* PROBLEM TO SOLVE: The reply must consist of the lines from the first line of the records through the line containing "踏入12月,结业潮仍未遏止,继连锁超市分", copied exactly, with every picture omitted.

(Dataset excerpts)
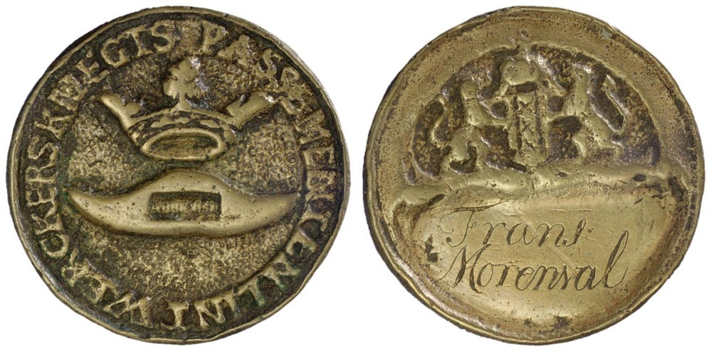 keerzijde: het gekroonde wapen van Amsterdam gehouden door twee leeuwen, daaronder op een schild een naam gegraveerd.
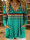Women's Vintage Printed Casual Knitted V-Neck Pocket Top
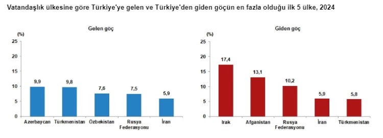 Türkiye’den göç eden yabancılar arasında ise yüzde 17,4 ile Irak vatandaşları başı çekti.
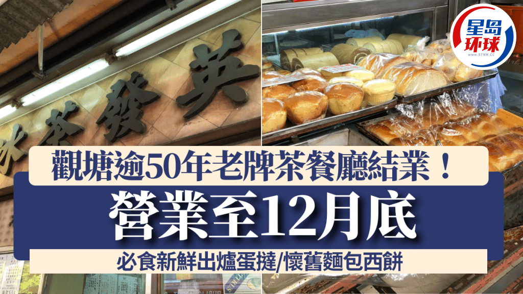 踏入12月,结业潮仍未遏止,继连锁超市分店及戏院陆续结束营业之外,近日网上社交媒体亦传出观塘一间老牌茶餐厅,英发茶冰厅将营运至本月底。 换言之,餐厅的新鲜出炉招牌蛋挞及怀旧面包西饼,也快将成为绝唱,老饕抓紧时间赶及本月底前大快朵颐。
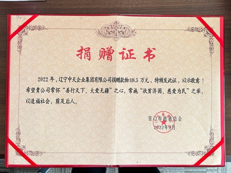 2022年,由于營口地區(qū)發(fā)生了新冠疫情,中天集團加大了愛心慈善捐助力量,先后兩次為營口慈善總會捐款90萬元,疫情期間捐贈抗疫物質(zhì)折合人民幣近10萬元,同時,繼續(xù)啟動“中天助學金”和“中天愛心物資發(fā)放”兩大愛心項目,為31名貧困家庭考入大學的學生捐資15.5萬元,為600戶貧困居民送去米面油折合人民幣10萬元,持續(xù)做好“獻愛心做慈善”的活動。
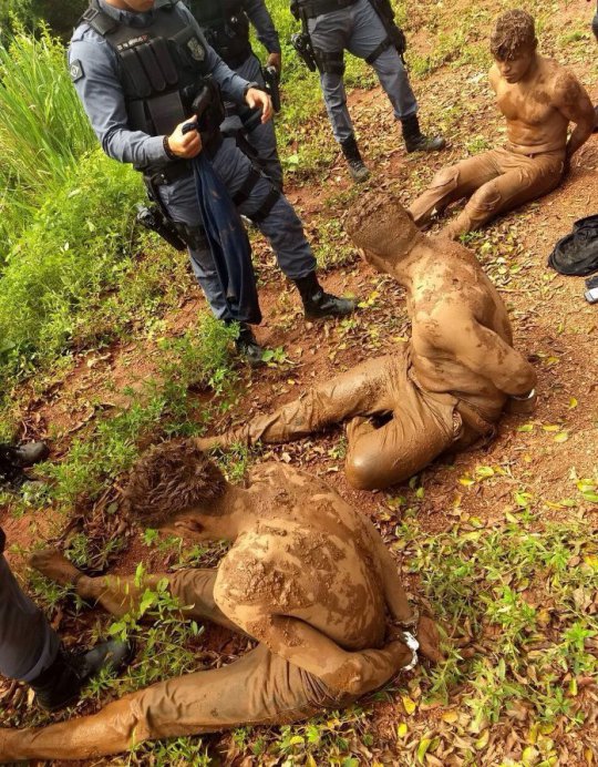 A quadrilha tentava fuga em direção ao município de Várzea Grande, região metropolitana de Cuiabá. Os assaltantes atiraram em direção aos policiais e mergulharam em um lamaçal. Com a ajuda de um helicóptero da PM, os policiais encontraram os ladrões imersos na lama depois de uma hora de busca.
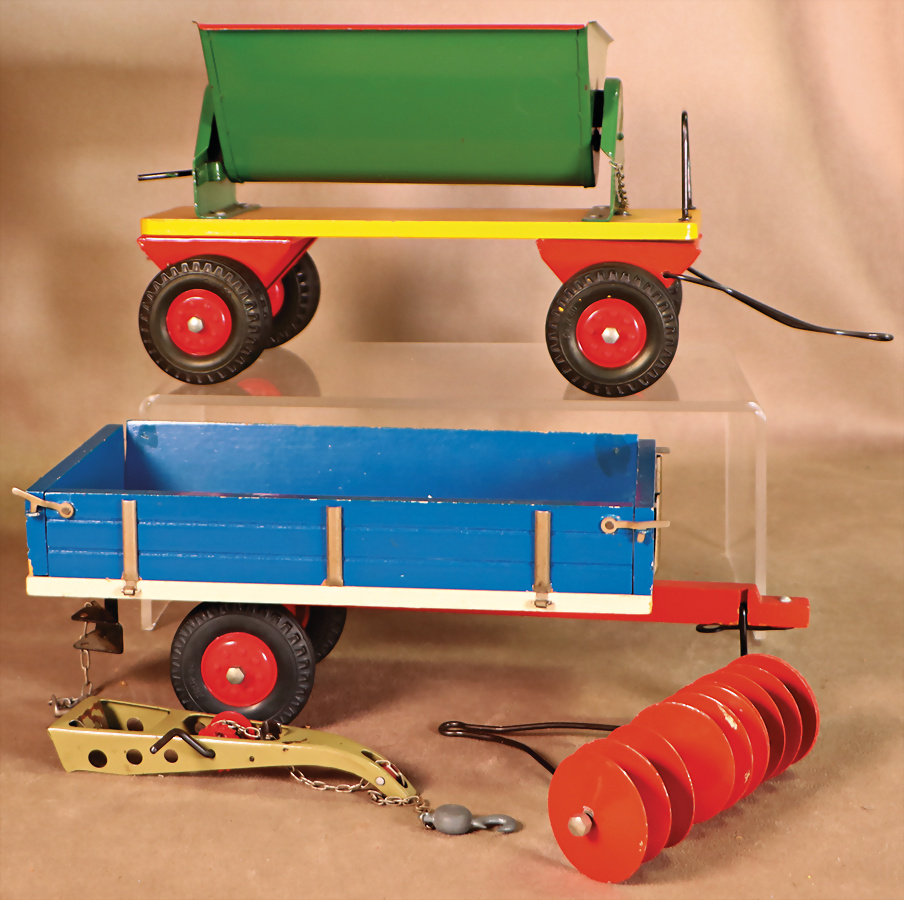 Kipplore, 1 Flugrolle, 1 Anhänger, Holz, Hersteller ?, kl. Kranausleger
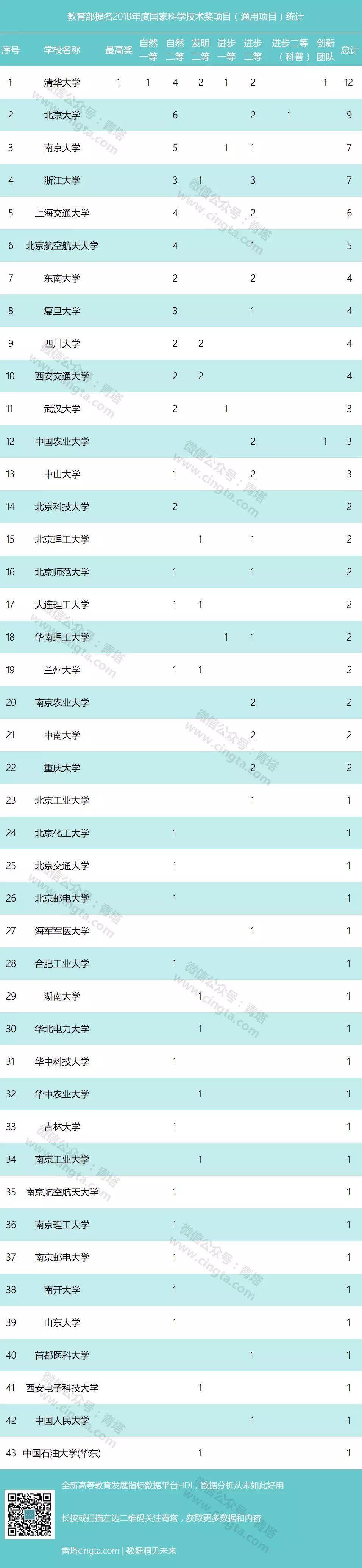 从教育部拟推荐201年8国家奖项目的第一完成单位上来看,清华大学最多,达到12项,包含1项最高奖、1项自然一等奖、4项自然科学二等奖、2项技术发明奖、1项科技进步一等奖、2项科技进步二等奖和1项创新团队奖。北京大学推荐项目共有9项,位居第二。南京大学和浙江大学推荐项目共有7项,并列第三。

* EXERCISE RESULT:
 keerzijde: het gekroonde wapen van Amsterdam gehouden door twee leeuwen, daaronder op een schild een naam gegraveerd.
Women's Vintage Printed Casual Knitted V-Neck Pocket Top
 Türkiye’den göç eden yabancılar arasında ise yüzde 17,4 ile Irak vatandaşları başı çekti.
 踏入12月,结业潮仍未遏止,继连锁超市分店及戏院陆续结束营业之外,近日网上社交媒体亦传出观塘一间老牌茶餐厅,英发茶冰厅将营运至本月底。 换言之,餐厅的新鲜出炉招牌蛋挞及怀旧面包西饼,也快将成为绝唱,老饕抓紧时间赶及本月底前大快朵颐。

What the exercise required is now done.